本当にその通りですね。難しい問題ですが、せめてこの記事で研究者に憧れる人が増えてくれるといいと思います。
本日はどうもありがとうございました。
インタビューを終えて
前向きでキラキラした先生の様子がとても印象的なインタビューでした。「好きなことを続けていたら最先端の研究者になっていた!」という小松先生の生き方に、これから進路を決めていく学生さんや、もちろん大人の皆さんも何か感じることがあるかもしれません。

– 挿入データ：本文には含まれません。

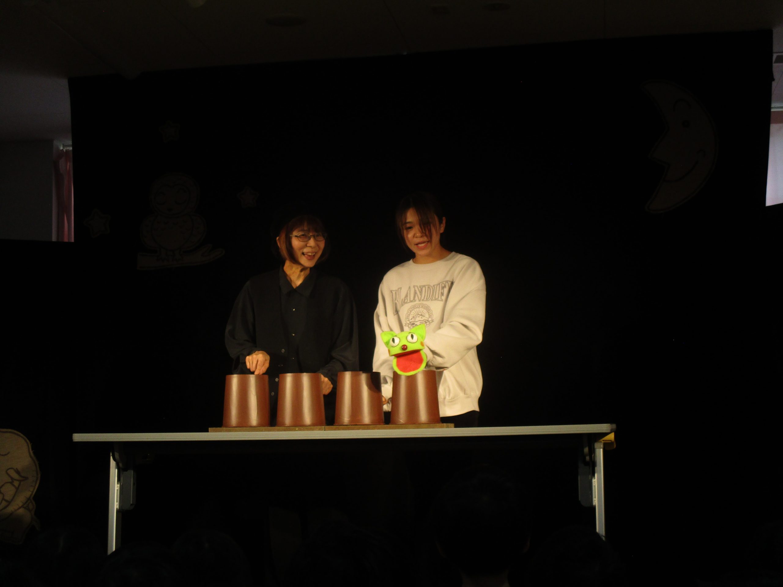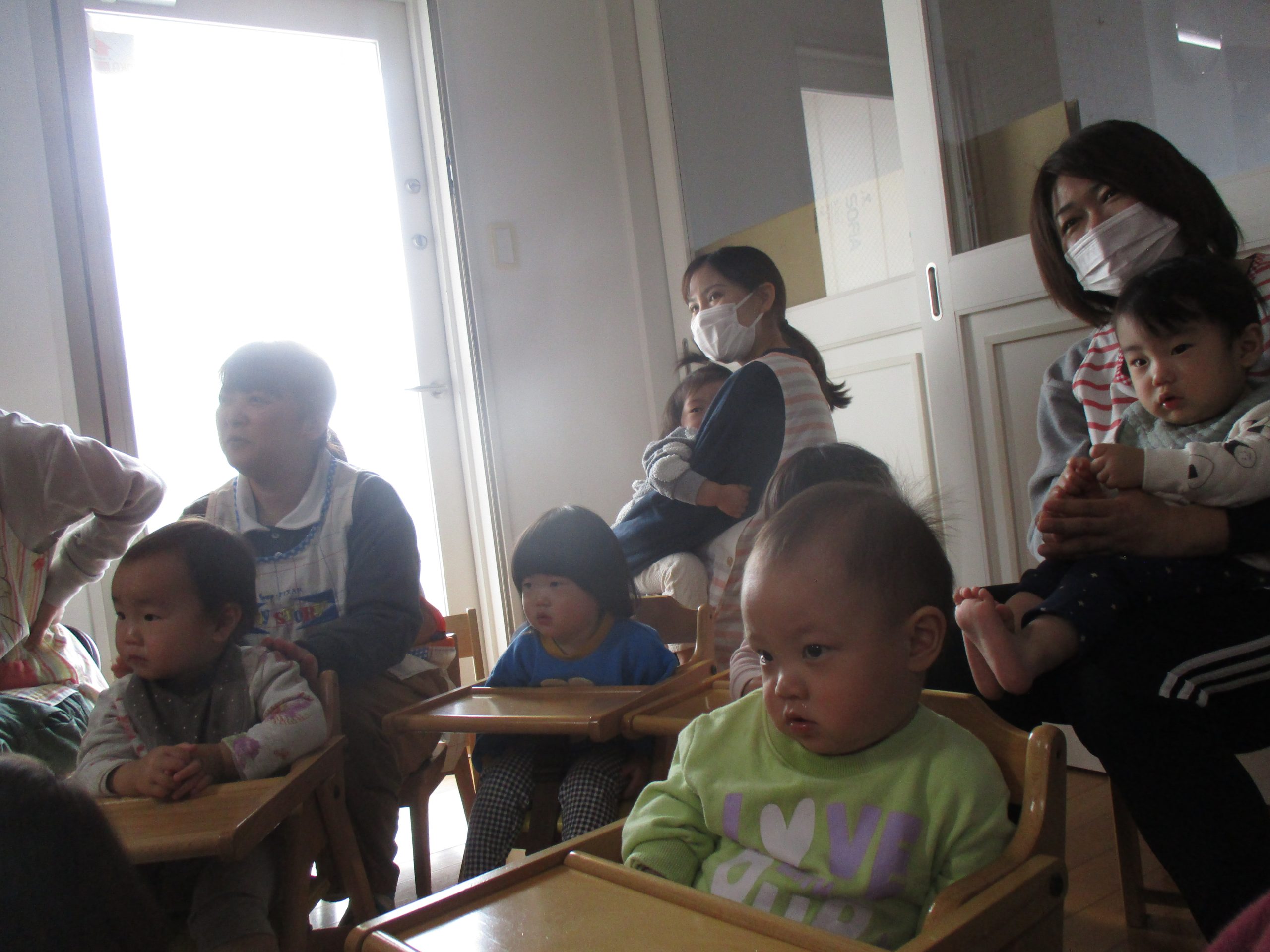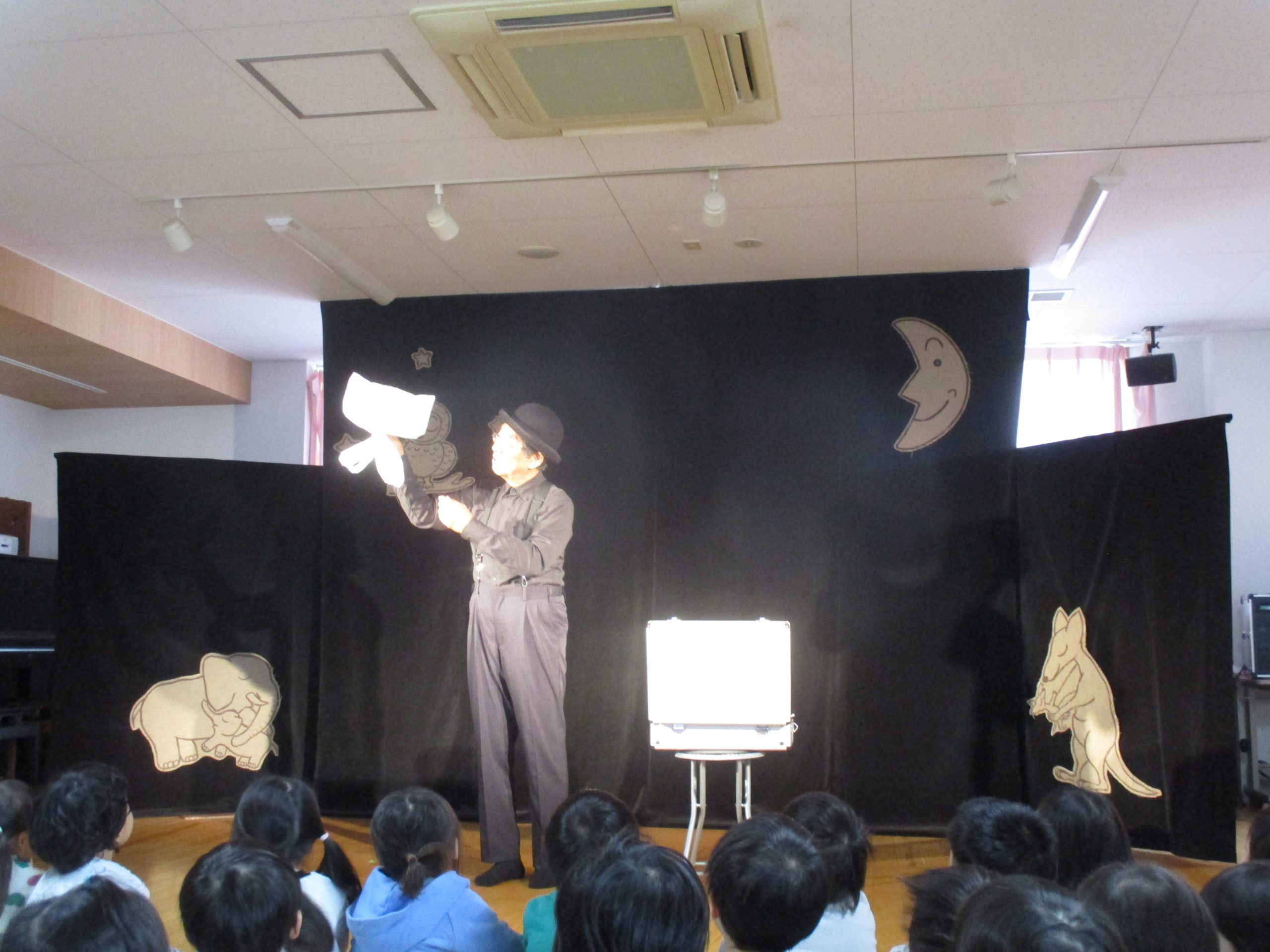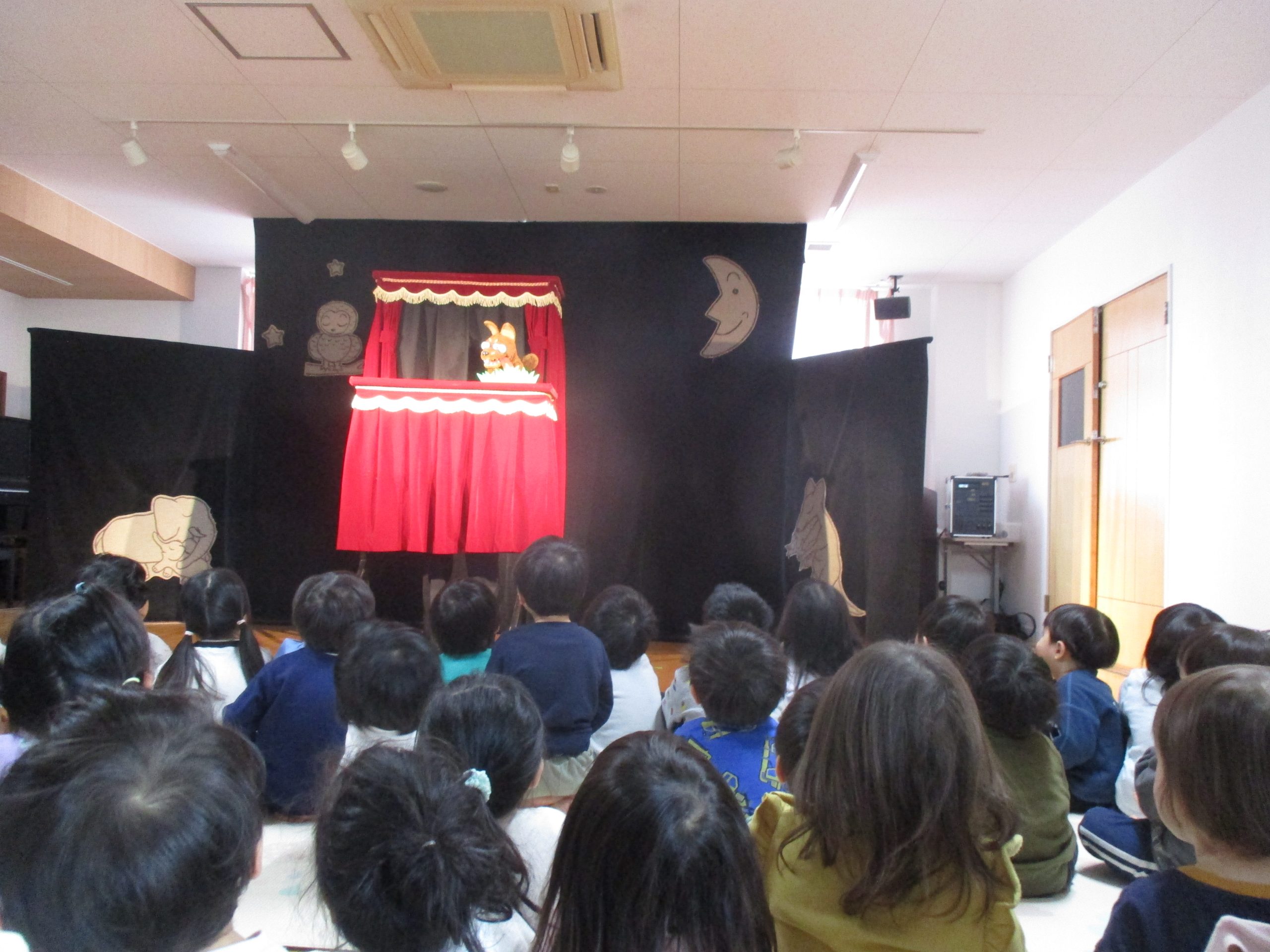北九州から『劇団ののはな』をお呼びして人形劇を観劇しました。0歳~年長さん全員ホールに集まりました。0才児さんもこの集中力!
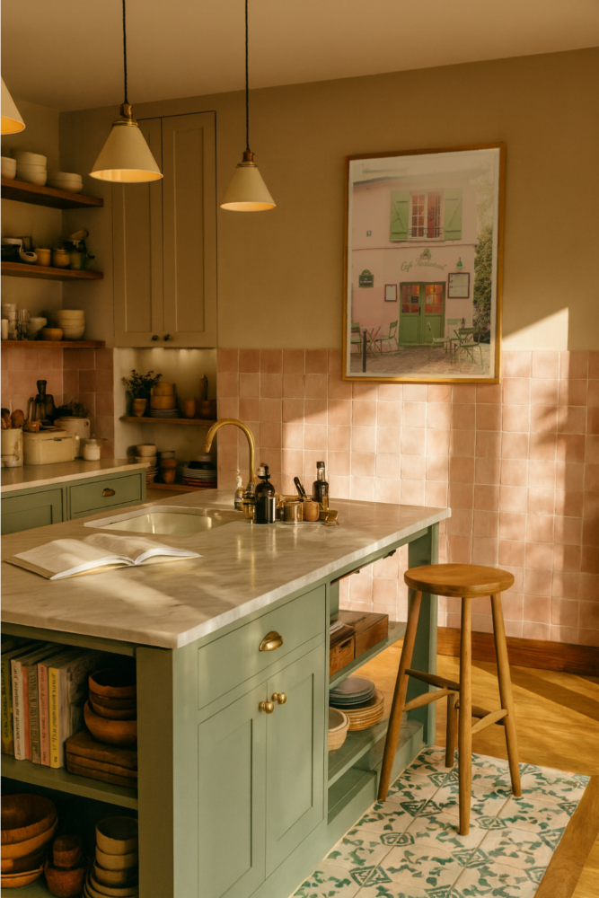 Esta fotografía muestra la encantadora fachada de un café con estilo francés. Las ventanas con contraventanas verdes, las sillas de metal al aire libre y la luz cálida del ambiente evocan una atmósfera acogedora. Es ideal para decorar espacios que busquen transmitir un aire romántico y bohemio, típico de las calles parisinas o rincones europeos pintorescos.
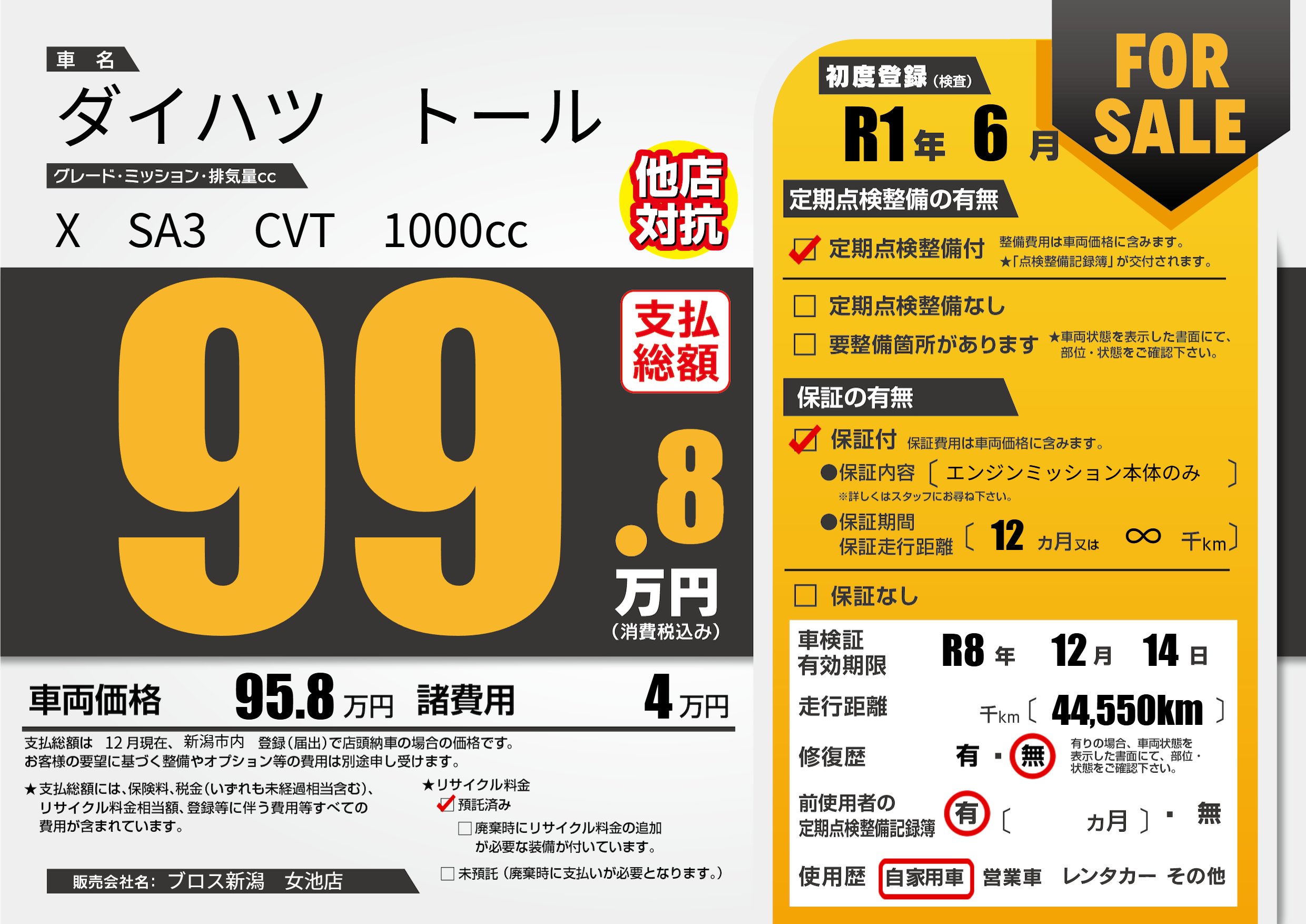 | 車名 | ダイハツ トール | グレード ミッション 排気量 |

研究室に所属する学生さんにもお話を伺いましたが、皆さん口をそろえて、「小松先生は研究に対して非常に熱い」「何でも相談に乗ってくださるし、すごく面倒見の良い先生」と仰っていました。こんなに素敵な先生のもとで研究が出来るなんて、とても幸せなことですね。
今後も小松教授のご活躍に期待しましょう!
輸血液の代替物となる人工酸素運搬体の開発は、次世代医療の最重要課題です。日本は世界最高レベルの献血・輸血システムを備えていますが、今後、少子高齢化により献血者層人口が減少すると、2027年には年間89万人分の血液が不足すると予測されています。また、輸血液の保存期間は3週間と短いため、大震災などの大規模災害時に十分量の血液が確保できない可能性もあり、輸血液を補完し得る人工酸素運搬体の実現が強く望まれています。このような社会的背景のもと、中央大学・小松教授の研究グループは2013年に新しい人工酸素運搬体(ヘモグロビン-アルブミン)クラスターを開発しました。(ヘモグロビン-アルブミン)クラスターは、血液の二大成分であるヘモグロビンとアルブミンというタンパク質を化学的に結合したものです。動物実験から、副作用のない安全な物質であること、生体内で赤血球と同じように酸素を輸送できることが証明されています。また小松教授は2013年から宇宙実験に参画しており、製剤化に向けた安全性・有効性に関する知見獲得を目指しています。